Absent any allegation that defendant promised delivery of the certificates at a certain time while knowing that delivery would not be made, plaintiff was proceeding on a contract theory rather than *142 fraud. Moreover, plaintiff's statement to the effect that, if the certificates had been delivered as promised plaintiff would have made $40,000, is inconsistent with his claim of fraudulent misrepresentation of value.
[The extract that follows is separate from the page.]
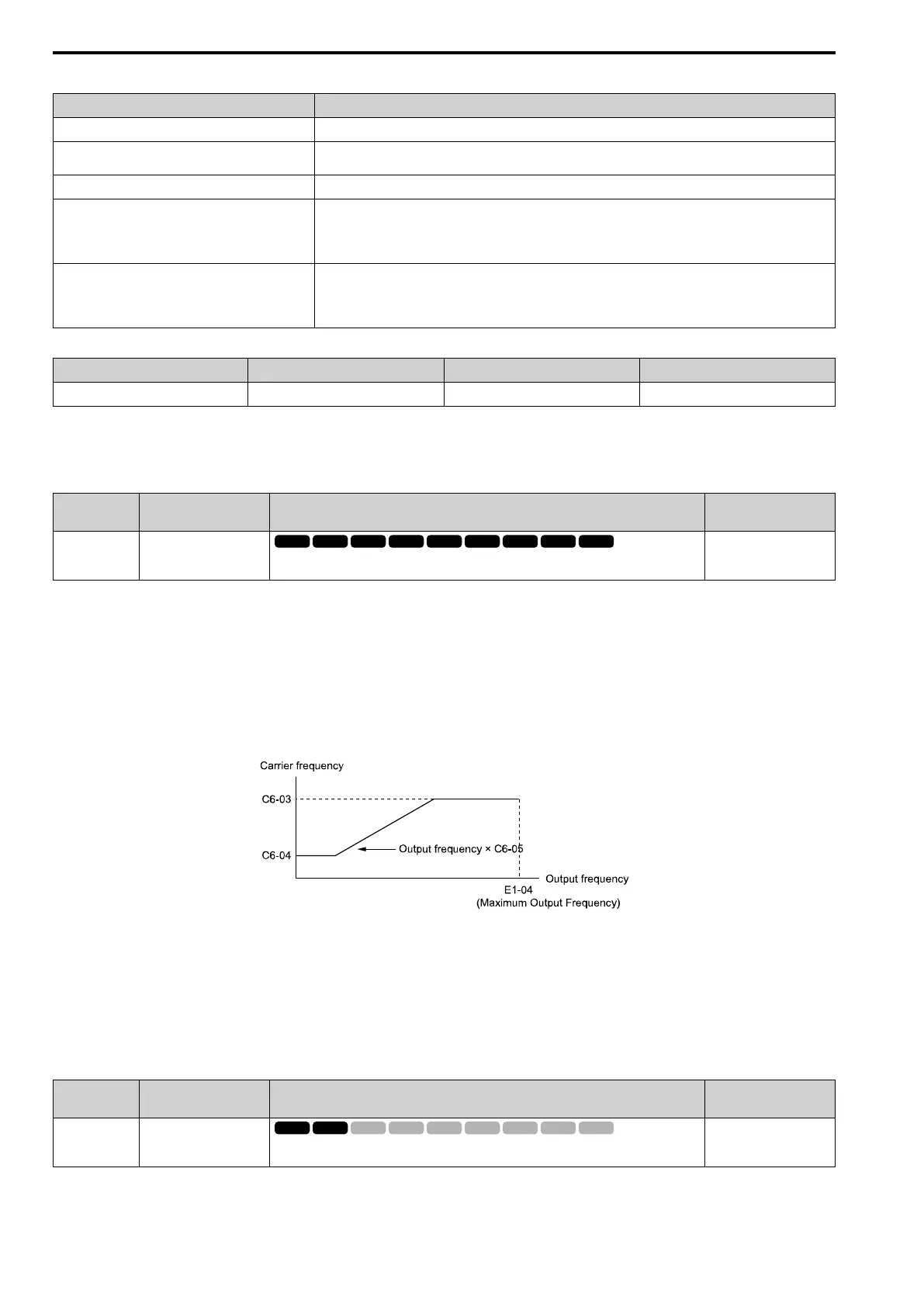 • When C6-05 ≤ 7, the drive disables C6-04. The carrier frequency is fixed to the value set to C6-03.

The elements of actionable fraud were set forth in Papin v Demski, 17 Mich App 151, 154; 169 NW2d 351, 353 (1969):

"Initially, the burden of proof in this case, as always, was on the plaintiffs. It was essential to their cause of action based on fraud that certain facts be established. Our Supreme Court in A & A Asphalt Paving Company v Pontiac Speedway, Inc (1961), 363 Mich 634, 639 [110 NW2d 601, 604], quoted with approval the following statement relative to the essential facts:

"`The general rule is that to constitute actionable fraud it must appear: (1) that defendant made a material representation; (2) that it was false; (3) that when he made it he knew that it was false, or made it recklessly, without any knowledge of its truth and as a positive assertion; (4) that he made it with the intention that it should be acted upon by plaintiff; (5) that plaintiff acted in reliance upon it; and (6) that he thereby suffered injury. Each of these facts must be proved with a reasonable degree of certainty, and all of them must be found to exist; the absence of any one of them is fatal to a recovery.'" (Aff'd 383 Mich 561, 177 NW2d 166 [1970].)
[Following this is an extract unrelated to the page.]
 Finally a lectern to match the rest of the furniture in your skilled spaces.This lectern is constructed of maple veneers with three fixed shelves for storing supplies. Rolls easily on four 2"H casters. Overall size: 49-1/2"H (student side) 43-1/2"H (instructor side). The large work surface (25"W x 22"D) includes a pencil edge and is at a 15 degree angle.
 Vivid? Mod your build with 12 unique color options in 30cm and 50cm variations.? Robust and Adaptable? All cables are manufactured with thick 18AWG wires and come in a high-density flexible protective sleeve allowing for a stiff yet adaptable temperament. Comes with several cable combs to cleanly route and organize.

An examination of the record reveals that plaintiff's numerous references to defendant's failure to timely deliver were not confined to the opening statement, but became the object of testimony during the course of trial, and were again alluded to in plaintiff's closing argument. Defendant objected to plaintiff's opening statement and to the introduction of a new cause of action resulting in surprise. Although GCR 1963, 118.3 permits amendments to conform to proofs, nevertheless it *143 does not permit a party to submit his case on an entirely different theory. Adair v Thoms 5 Mich App 195; 146 NW2d 81 (1966); Denno v Providence Hospital, 19 Mich App 547; 172 NW2d 918 (1969). The pretrial summary controls the subsequent course of the proceedings, unless modified at or before trial to prevent manifest injustice. GCR 1963, 301.3. Where the parties at the pretrial conference have narrowed the issues over which they are in dispute to specific allegations of fraud, it was error for the court to allow plaintiff to also proceed on a contract theory.
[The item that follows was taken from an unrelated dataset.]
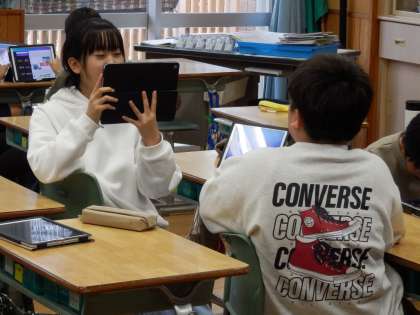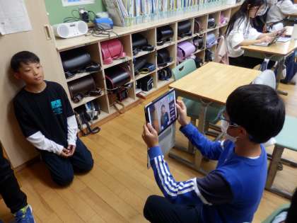 10/23 名刺づくり 公開日 2023/10/23 更新日 2023/10/23 教育活動 6年生の5時間目は総合の授業でした。総合支援学校との交流会に向けて、名刺づくりの続きです。自分の顔写真を入れるために、お互いのiPadで写真を取り合っていました。 いいね(0)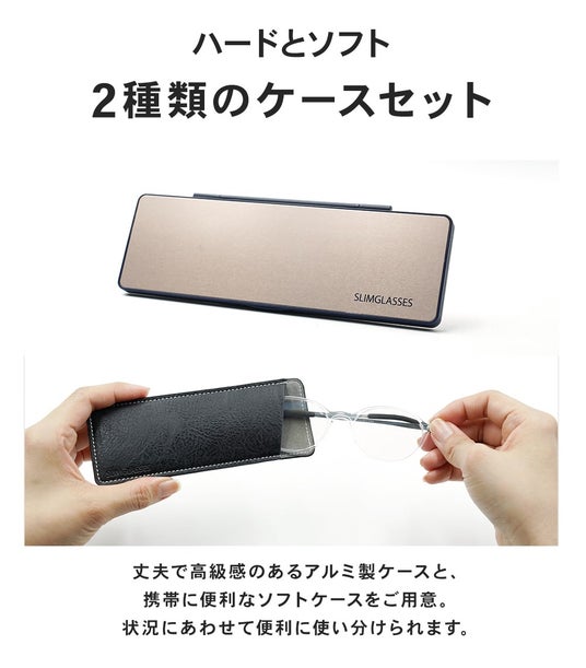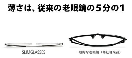大好評!スマホよりうすくて軽いモバイル老眼鏡「スリムグラス」の女性用がご要望にお応えして新登場!1800名を超える女性の頭部データに基づき、約13gと軽くてかけやすさを徹底追及した老眼鏡。視界を明るく保ちながらもブルーライトを30%(JIS規格)カットするレンズを採用。

Defendant further contends that the trial court erred in refusing a requested instruction which said in essence that, if the jury should determine that defendant made representations to plaintiff and that such representations were merely honest expressions of opinion made in good faith, they would not be fraudulent even if they later proved erroneous. Upon retrial, an instruction to that effect would be in order. While plaintiff claimed that defendant had deliberately misrepresented the future value of the Dynatron and Quixonic shares, it was the claim of defendant that he was communicating to plaintiff information that had been given to him by others. Defendant further claimed that the failure of the shares to reach their expected value was due to intervening events over which he had no control, i.e., a cease and desist order preventing trading of the Dynatron shares and the breach by a Japanese corporation of a distributorship agreement with Quixonic.

In view of our disposition of this matter, the other issues raised by defendant need not be discussed.

Reversed and remanded for new trial. Costs to defendant.

NOTES

[*] Circuit judge, sitting on the Court of Appeals by assignment.